→ **Exercise**:
The answer should hold only the lines from the one containing "Кухня оснащена надёжной" through the one containing "pulses we offer!" in the entries below, copied exactly, without pictures.

→ **Provided data**:
####

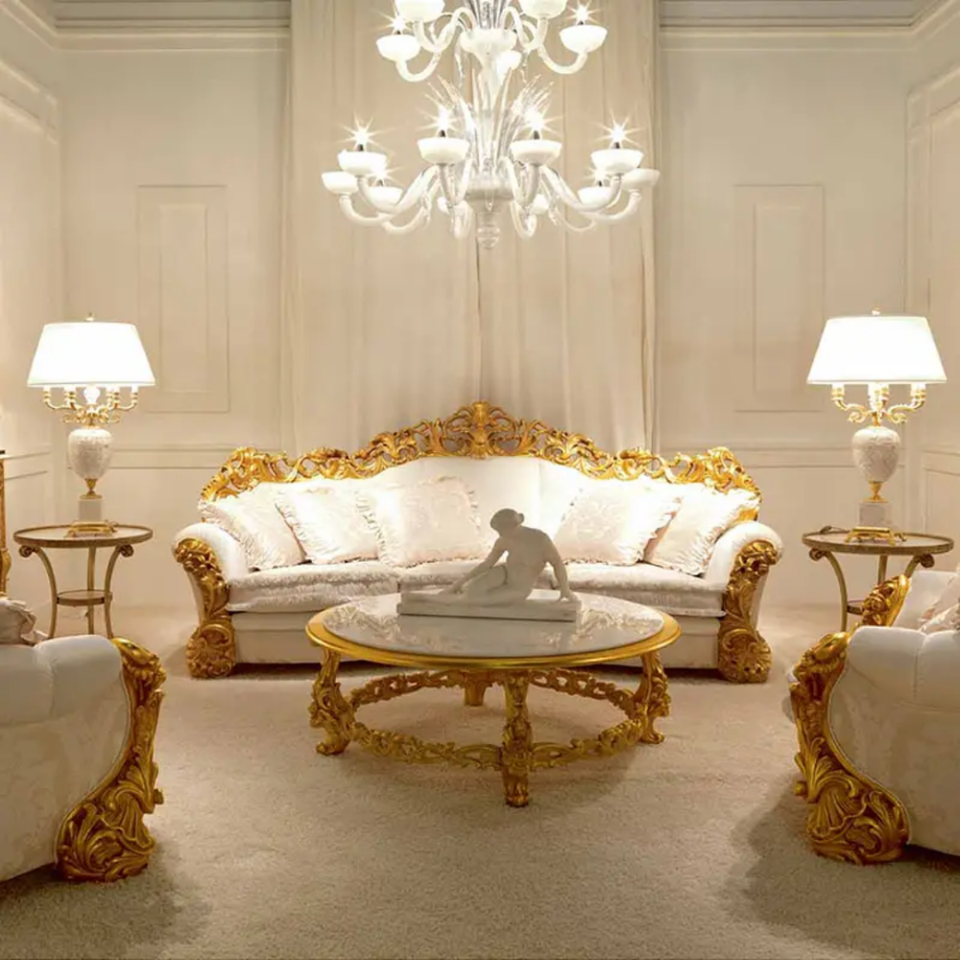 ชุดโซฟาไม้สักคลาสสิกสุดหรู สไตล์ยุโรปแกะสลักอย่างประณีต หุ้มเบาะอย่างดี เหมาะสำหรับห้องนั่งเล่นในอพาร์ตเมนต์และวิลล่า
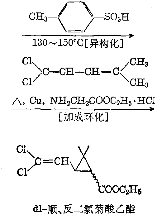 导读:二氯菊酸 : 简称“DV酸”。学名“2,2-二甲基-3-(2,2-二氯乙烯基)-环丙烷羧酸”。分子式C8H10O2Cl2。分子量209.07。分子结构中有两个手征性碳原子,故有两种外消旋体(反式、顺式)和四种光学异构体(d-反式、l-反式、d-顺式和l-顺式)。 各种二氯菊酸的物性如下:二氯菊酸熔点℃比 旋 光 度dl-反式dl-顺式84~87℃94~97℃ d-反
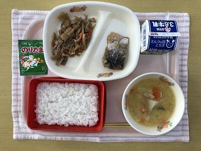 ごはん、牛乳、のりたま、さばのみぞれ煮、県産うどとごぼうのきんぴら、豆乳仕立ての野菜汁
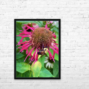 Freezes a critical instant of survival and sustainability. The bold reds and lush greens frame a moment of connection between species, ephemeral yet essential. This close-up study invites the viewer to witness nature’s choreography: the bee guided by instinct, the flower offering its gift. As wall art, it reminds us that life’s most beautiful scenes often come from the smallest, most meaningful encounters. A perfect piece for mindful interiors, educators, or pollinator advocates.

####

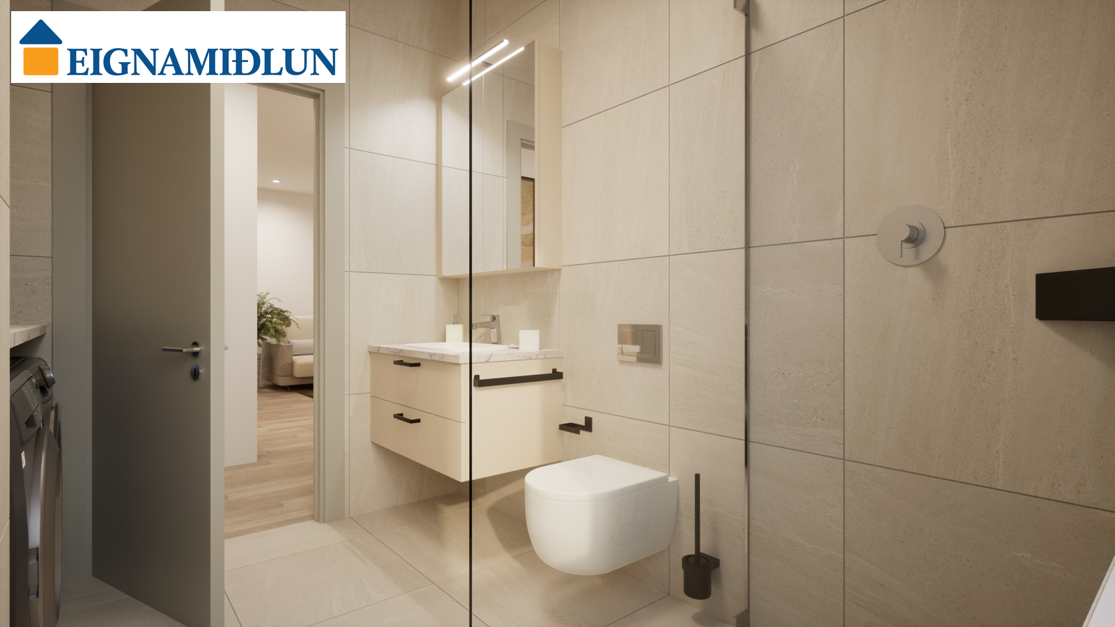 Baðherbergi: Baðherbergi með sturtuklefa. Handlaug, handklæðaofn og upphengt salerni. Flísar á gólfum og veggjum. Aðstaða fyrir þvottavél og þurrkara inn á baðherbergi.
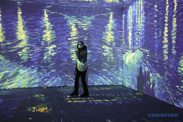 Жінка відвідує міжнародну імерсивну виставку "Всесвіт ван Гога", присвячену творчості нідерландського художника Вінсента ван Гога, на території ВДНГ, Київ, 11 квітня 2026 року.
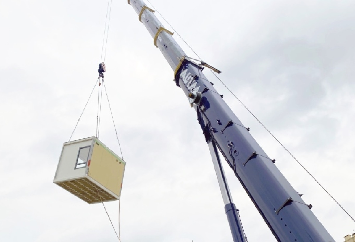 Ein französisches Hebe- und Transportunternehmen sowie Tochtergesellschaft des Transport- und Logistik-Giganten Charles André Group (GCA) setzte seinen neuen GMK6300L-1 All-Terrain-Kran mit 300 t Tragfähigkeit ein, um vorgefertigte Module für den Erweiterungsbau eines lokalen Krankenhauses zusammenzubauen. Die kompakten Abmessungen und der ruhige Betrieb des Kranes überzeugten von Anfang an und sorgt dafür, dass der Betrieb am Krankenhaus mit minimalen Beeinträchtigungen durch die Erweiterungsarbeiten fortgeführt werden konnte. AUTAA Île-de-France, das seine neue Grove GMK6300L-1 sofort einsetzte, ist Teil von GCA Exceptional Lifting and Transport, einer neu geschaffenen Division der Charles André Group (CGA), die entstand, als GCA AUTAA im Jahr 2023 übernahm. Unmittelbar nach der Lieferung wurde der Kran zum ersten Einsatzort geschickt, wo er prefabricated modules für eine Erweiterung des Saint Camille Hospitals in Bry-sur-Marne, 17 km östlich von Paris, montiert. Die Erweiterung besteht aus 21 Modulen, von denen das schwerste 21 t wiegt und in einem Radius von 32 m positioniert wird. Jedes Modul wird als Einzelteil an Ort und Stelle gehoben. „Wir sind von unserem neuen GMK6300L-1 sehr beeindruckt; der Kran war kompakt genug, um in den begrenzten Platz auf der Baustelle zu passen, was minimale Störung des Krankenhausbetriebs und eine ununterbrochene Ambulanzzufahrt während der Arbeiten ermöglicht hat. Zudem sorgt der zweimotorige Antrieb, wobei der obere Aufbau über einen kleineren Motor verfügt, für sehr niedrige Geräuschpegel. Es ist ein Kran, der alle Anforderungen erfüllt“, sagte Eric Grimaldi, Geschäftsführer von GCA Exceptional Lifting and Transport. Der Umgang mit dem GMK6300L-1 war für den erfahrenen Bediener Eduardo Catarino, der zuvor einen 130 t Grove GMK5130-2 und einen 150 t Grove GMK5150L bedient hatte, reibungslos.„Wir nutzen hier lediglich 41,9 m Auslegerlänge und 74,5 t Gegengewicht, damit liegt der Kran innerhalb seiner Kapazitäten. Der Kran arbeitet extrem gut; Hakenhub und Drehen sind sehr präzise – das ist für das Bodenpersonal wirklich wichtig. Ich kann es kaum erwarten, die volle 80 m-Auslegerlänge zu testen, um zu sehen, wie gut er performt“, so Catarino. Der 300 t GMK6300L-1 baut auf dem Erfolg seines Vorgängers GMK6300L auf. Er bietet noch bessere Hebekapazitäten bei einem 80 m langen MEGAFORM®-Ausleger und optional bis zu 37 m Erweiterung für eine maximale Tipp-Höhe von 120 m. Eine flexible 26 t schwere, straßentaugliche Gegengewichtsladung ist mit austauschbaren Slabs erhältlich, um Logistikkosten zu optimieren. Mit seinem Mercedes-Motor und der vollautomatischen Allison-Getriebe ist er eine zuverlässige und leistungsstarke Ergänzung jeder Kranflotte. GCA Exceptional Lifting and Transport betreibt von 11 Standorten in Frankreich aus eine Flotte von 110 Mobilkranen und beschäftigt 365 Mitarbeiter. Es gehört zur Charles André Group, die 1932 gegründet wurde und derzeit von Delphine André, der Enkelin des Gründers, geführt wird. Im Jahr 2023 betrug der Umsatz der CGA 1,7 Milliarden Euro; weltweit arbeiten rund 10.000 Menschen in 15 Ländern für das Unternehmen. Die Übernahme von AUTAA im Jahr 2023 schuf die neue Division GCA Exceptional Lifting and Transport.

####

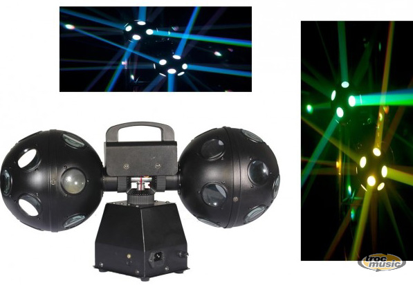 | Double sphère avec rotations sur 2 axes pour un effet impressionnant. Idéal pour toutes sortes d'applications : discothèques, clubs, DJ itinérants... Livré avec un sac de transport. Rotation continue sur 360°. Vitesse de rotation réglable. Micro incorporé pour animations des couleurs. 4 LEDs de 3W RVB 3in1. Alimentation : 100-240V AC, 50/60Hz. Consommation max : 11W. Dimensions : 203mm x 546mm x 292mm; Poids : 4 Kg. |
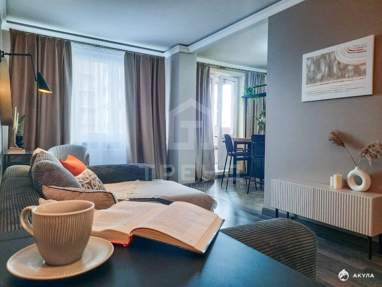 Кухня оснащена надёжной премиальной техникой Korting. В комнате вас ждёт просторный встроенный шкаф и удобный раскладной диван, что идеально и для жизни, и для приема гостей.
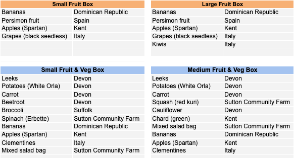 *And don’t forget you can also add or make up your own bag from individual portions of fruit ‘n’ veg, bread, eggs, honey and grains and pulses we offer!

####

→ **Solution to this exercise**:
 Кухня оснащена надёжной премиальной техникой Korting. В комнате вас ждёт просторный встроенный шкаф и удобный раскладной диван, что идеально и для жизни, и для приема гостей.
 *And don’t forget you can also add or make up your own bag from individual portions of fruit ‘n’ veg, bread, eggs, honey and grains and pulses we offer!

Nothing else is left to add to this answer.